Dive Brief:
- Yelp has introduced Yelp Connect, which enables restaurants the ability to communicate with customers who have shown interest in the business, according to a release emailed to Restaurant Dive. Through Yelp Connect, restaurants can share information such as new menu items, specials or events.
- Yelp users will automatically receive these updates on their app home screen, as well as in a personalized weekly email from restaurants they’ve engaged with on the app.
- Yelp also added Predictive Wait Times for its Waitlist feature, which shows diners a live wait time, and Notify Me, which allows diners to set reminders to join a waitlist.
Dive Insight:
These new features join a laundry list of updates Yelp has made to its app in the past year in an effort to diversify its portfolio and personalize user experience. Last year, the company added restaurants to Yelp Reservations and Yelp Waitlist, introduced Yelp Waitlist Kiosks and integrated Grubhub's restaurant network onto its platform. In April, the app added a feature that allowed users to rate a restaurant’s eco-friendliness.

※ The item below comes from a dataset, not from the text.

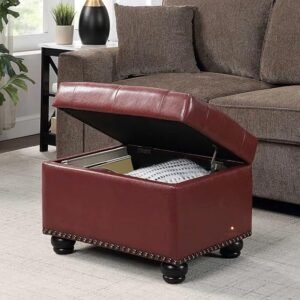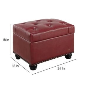 ABBAJI INTERIORS Wooden Single Seater Ottoman Pouffe Couch with Storage-Burgundy Red

And, just last month, Yelp launched a new feature that tailors search results to customers’ lifestyles and preferences, which Chief Product Officer Vivek Patel called the company’s most significant product update in 15 years.
Yelp Connect adds to that personalization element, but seems to benefit its restaurant partners just as much, if not more, than consumers. The feature enables operators to control their messaging and target customers that previously showed interest in their brand through other Yelp features, like Yelp Reservation. It also does so as both a push-and-pull communication, displaying new information to customers who visit the app, and pushing that same news out to customers via a weekly email.
There were no details in the release about whether or not the email was an opt-in feature, which is important. Most consumers want to receive messaging about products and discounts relating to their interests, according to a survey from PwC, but 65% of customers would stop using a brand if it wasn’t transparent about how it was using their data, according to a survey by Acquia.
Yelp’s release did note that this feature offers restaurant operators a strategic approach to target relevant customers, adding that “the current state of social media isn’t designed with business owners in mind.” Indeed, once Facebook changed its algorithm last year to favor personal pages over business pages, organic reach started to have less impact for restaurants using the channel, as less people were seeing their messages. Leveraging Yelp is a way restaurants can control direct-to-consumer messaging without having to navigate that algorithm challenge or spend hefty advertising money.
This launch also shows a necessary evolution for Yelp, which has been around since 2004 but faces intensifying competition from other platforms like Google and Instagram. The company lost its spot atop the reviews throne to Google in 2015, and began pivoting to other features like reservations. Its new features are putting the company front and center through the customer journey, from reservations to wait list views to communication. These initiatives may have primed Yelp as an attractive acquisition target — according to a Wall Street Journal report, Groupon could be looking to buy Yelp to ease shareholder tensions over the daily-deals brand's lackluster finances. A deal could drive synergies of around $200 million, per the report. Neither Groupon nor Yelp commented on the report.
In the meantime, as more restaurants focus on their own websites and apps, and also continue to market through social media, third-party sites and competitive sites like TripAdvisor, restaurants on Yelp will be challenged with avoiding over-communication to a point where their messages get lost.